╭─ Information shown

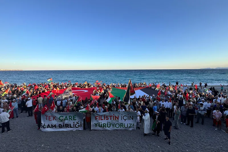 Durmaz yaptığı açıklamada şunları kaydetti: “Antalya’da hemşerilerimizin yoğun katılımıyla gerçekleşen ‘Gazze Kararlılık ve Sumud’a Selam Yürüyüşü’ne katılım sağladık. Mazlumların sesi olmak adına bu anlamlı yürüyüşte yer almak bizim için bir sorumluluktu. Katılım gösteren tüm vatandaşlarımıza teşekkür ederiz. Gazze bizim için kırmızıçizgidir. Bugüne kadar olduğu gibi, bundan sonra da Gazzeli kardeşlerimizi yalnız bırakmayacağız. Gazze özgür oluncaya, ilk kıblemiz Mescid-i Aksa özgürlüğüne kavuşuncaya dek mücadelemiz sürecektir.” (İLKHA)
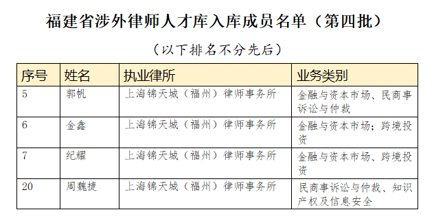 錦天城福州分所律師成功入選福建省涉外律師人才庫 福州律師資訊發(fā)布者 福州律師網(wǎng)2024年8月12日日前,福建省司法廳辦公室公布了“福建省涉外律師人才庫入選成員名單(第四批)”,確定62名律師入選福建省涉外律師人才庫。上詳情
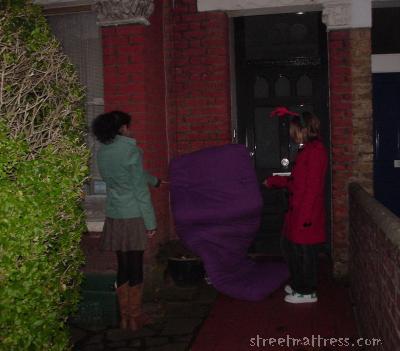 | I spotted this purple mat leaning against the wall and managed to persuade two Xmas passers-by to point for me! ***MANY XMATS!!!*** |

╰─

What the exercise asks: Reproduce the lines above letter for letter. The pictures stay behind.

Response area:
 Durmaz yaptığı açıklamada şunları kaydetti: “Antalya’da hemşerilerimizin yoğun katılımıyla gerçekleşen ‘Gazze Kararlılık ve Sumud’a Selam Yürüyüşü’ne katılım sağladık. Mazlumların sesi olmak adına bu anlamlı yürüyüşte yer almak bizim için bir sorumluluktu. Katılım gösteren tüm vatandaşlarımıza teşekkür ederiz. Gazze bizim için kırmızıçizgidir. Bugüne kadar olduğu gibi, bundan sonra da Gazzeli kardeşlerimizi yalnız bırakmayacağız. Gazze özgür oluncaya, ilk kıblemiz Mescid-i Aksa özgürlüğüne kavuşuncaya dek mücadelemiz sürecektir.” (İLKHA)
 錦天城福州分所律師成功入選福建省涉外律師人才庫 福州律師資訊發(fā)布者 福州律師網(wǎng)2024年8月12日日前,福建省司法廳辦公室公布了“福建省涉外律師人才庫入選成員名單(第四批)”,確定62名律師入選福建省涉外律師人才庫。上詳情
 | I spotted this purple mat leaning against the wall and managed to persuade two Xmas passers-by to point for me! ***MANY XMATS!!!*** |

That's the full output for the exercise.